@ Rajani

    Also ich hab jetzt nicht alles durchgelesen. Hab auch eine Insulinresistenz und PCOS. Und nehme Metformin.


    3x500mg täglich. Zu Anfang hab ich sie wohl zu schnell hochdosiert, bekam heftige Nierenschmerzen davon. Also lieber gaanz langsam hochdosieren.


    Kann dir auch passieren, besonders zu Anfang das es urplötzlich in deinem Bauch grummelt und dann geht der Dünnpfiff los. Aber heftig. Also, sei gewarnt. ]:D Hab mir damit schon sehr "lustige" Szenen eingebrockt. Wenn du sie dann länger nimmst wirds besser. Zumindest wars bei mir so. Auch die Blähungen haben nachgelassen.


    Ansonsten hatte ich keine Nebenwirkungen.

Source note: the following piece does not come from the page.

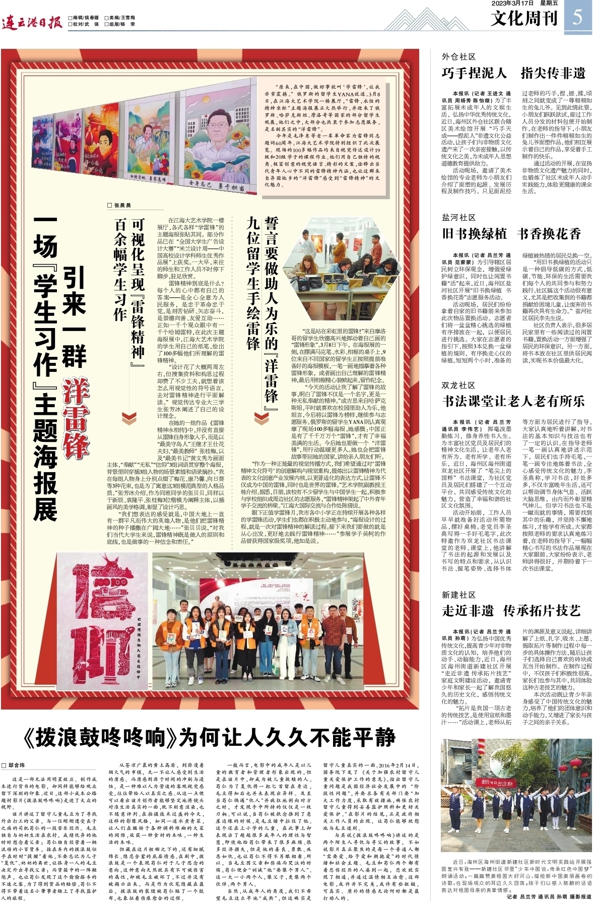 “作为一种正能量的视觉传播方式,我们希望通过对‘雷锋精神文化符号’的创意解构与视觉重构,提炼出以雷锋精神为代表的文化创意产业发展内核,以更普适化的表达方式,让雷锋不仅成为中国的雷锋,同时也是世界的雷锋。”艺术学院副教授王栋介绍。据悉,目前,该校有不少留学生与中国学生一起,积极参与学校组织或周边社区的志愿服务,“雷锋精神架起了中外青年学子交流的桥梁。”江海大国际交流与合作处陈倩说。

    Was noch wichtig wäre, solltest du mal eine Operation vor dir haben mußt du sie unbedingt absetzen. Steht auch im Beipackzettel. Am besten dann den Arzt nochmals drauf hinweisen, viele denken da gar nicht dran. Is mir zumindest schon mal passiert. ;-)


    Ach ja, mein Hausarzt hat mich bei einem Diabetikerprogramm der Krankenkasse angemeldet. Bin bei der AOK. Ich glaub das heißt Curaplan. Aber nagel mich jetzt nicht fest drauf. Auf alle Fälle muß ich keine 10 Euro mehr pro Quartal bezahlen. Dafür muß ich alle 6 Monate zum Hausarzt zu einem kleine Check. ( BZ, Gewicht, Blutdruck und Blutabnehmen).


    Früher hatte ich die Metformin von Ratiopharm, da hab ich 5 € zugezahlt.


    Jetzt hab ich die metformin axcount ( AxiCorp Generika GmbH) da zahl ich gar nichts mehr dafür.


    Hoffe ich konnte dir noch etwas neues und nützliches erzählen.


    LG Helia *:)*:)

    Diabetes oder nicht Diabetes...


    ...sogar da kocht jeder Arzt sein eigenes Süppchen was die Zahlen angeht...

    @ Rajani

    Was die SYMPTOME angeht: ich bin Typ2 (meine Werte beim OGTT waren bei 280) und ich habe KEINERLEI Symptome ! Ich will jetzt nicht sagen dass du Diabetes hast...nur, dass man Diabetes haben kann oHNE Symptome zu haben !

    Zitat

    ein mensch mit insulinresistenz ist KEIN typ2 diabetiker.

    Doch !


    Ein Mensch mit Insulinresistenz muß kein "offizieller" Diabetiker sein (offiziell gilt man erst als Diabetiker wenn beim OGTT ein Wert von 200 nach 2 Std rauskam oder der Nüchternwert 2x über 125 war - wird sich wohl auch mal ändern) aber ein Typ2-Diabetiker hat eine Insulinresistenz !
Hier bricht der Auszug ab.